Uses for the Volumes 

These volumes have great potential for increasing an explorationist’s productivity and for defining more closely the risk of a prospect.  

Suppose, for example, you have identified a potential prospect on an OCS block in the Gulf, miles from the nearest existing well, and want to know whether the AVO anomaly associated with the prospect is what would be expected in that location at that depth, for either oil or gas. The usual solution is to model the AVO response. But the modeling program requires values for shale P-wave velocity (Figure 5a) and density (Figure 6b), sand P-wave velocity (Figure 3c, 4), sand density (Figure 1) and thickness, as well as depth (which can be determined from the seismic interpretation), mud weight (Figure 3), temperature (Figure 6a), gas density, oil density, gas-oil ratio, salinity and water saturation: a total of twelve unknowns. The new tool can provide a data volume derived from well data for six of those unknowns, so values can be extracted almost instantly. Only gas and oil density, gas-oil ratio, salinity, water saturation, and sand thickness remain, and hydrocarbon densities, gas-oil ratio, and salinity tend to vary relatively slowly from region to region. The interpreter can now concentrate on varying sand thickness and water saturation in the model, looking for a match to the observed AVO response.  

The variability of rock properties is important in estimating the probability of success for a prospect. Figure 6c shows the standard deviation of water-filled-sand velocities at 10,000 ft (3050 m) below the sea floor. This is one indicator of the variability of sand properties at this depth. Similar volumes can give actual measurements of the variability of other properties used for estimating probable reserves for a prospect.  

At a simpler level, the interpreter may need to know whether an observed change in amplitude at an apparent fluid contact is compatible with a change from water to oil. This question could be answered by comparing the difference in values from an oil sand reflectivity volume and a wet sand reflectivity model with the change in amplitude observed in the real seismic data in an intercept stack volume. This would be a deterministic solution analogous to the probabilistic solution described by Denham and Johnson (2006).  

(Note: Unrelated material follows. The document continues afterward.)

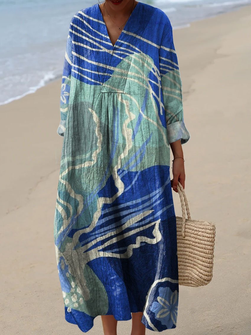 Women's Vintage Hand Drawn Blue Ocean Jellyfish Art Print Flowy Dress
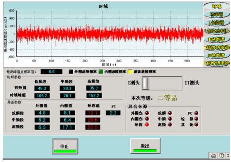 由于,轴承零配件,如钢球,内外圈,保持架的形状误差,表面粗糙度,碰伤等原因,导致轴承运行时都产生噪音,我们可以将噪音分布分解为高中低频值(RMS值)分贝值,由此探索和分析内圈伤、外圈伤、钢球伤、垃圾音和形位误差等等。我们通过提取的特定参数组合来对应特定的轴承质量缺陷。

On an even more basic level, a gross overview can be quickly accessed, with mud weight (Figures 3a and 3b), for example, showing regional variations in geopressure at any depth.

 

Conclusions 

By combining two universally-used exploration tools – well logs as actual measurements of rock properties, and workstations for viewing three-dimensional data volumes – the explorationist can improve productivity and reduce risk by making better use of existing data. The missing link between the two tools is the uniformly-sampled data volume in a standard format, generated from irregularly-scattered well data.

 

References 

Barry, K.M., Cavers, D.A., and Kneale, C.W., 1975, Report on recommended standards for digital tape formats: Geophysics, v. 40, no. 2, p. 344–352.

Denham, L.R., and Johnson, D., 2006, Estimating probability of hydrocarbon content from seismic amplitude anomalies: Soc. Explor. Geoph. 76th Annual Meeting, INT3.3.

Gassmann, F., 1951, Elastic waves through a packing of spheres: Geophysics, v. 16, no. 4, p. 673–685.

Greenberg, M.L., and Castagna, J.P., 1992, Shear-wave velocity estimation in porous rocks: Theoretical formulation, preliminary verification and applications: Geophys. Prosp., v. 40, no. 2, p. 195–210.

Hilterman, F., Sherwood, J.W.C., Schellhorn, R., Bankhead, B., and DeVault, B., 1998, Identification of lithology in the Gulf of Mexico: The Leading Edge, v. 17, no. 2, p. 215–222.

Hilterman, F., Verm, R., Wilson, M., and Liang, L., 1999, Calibration of rock properties for deepwater seismic: 69th Ann. Internat. Mtg, p. 65–68.

Hilterman, F., 1990, Is AVO the seismic signature of lithology? A case history of Ship Shoal-south addition: The Leading Edge, v. 9, no. 6, p. 15–22.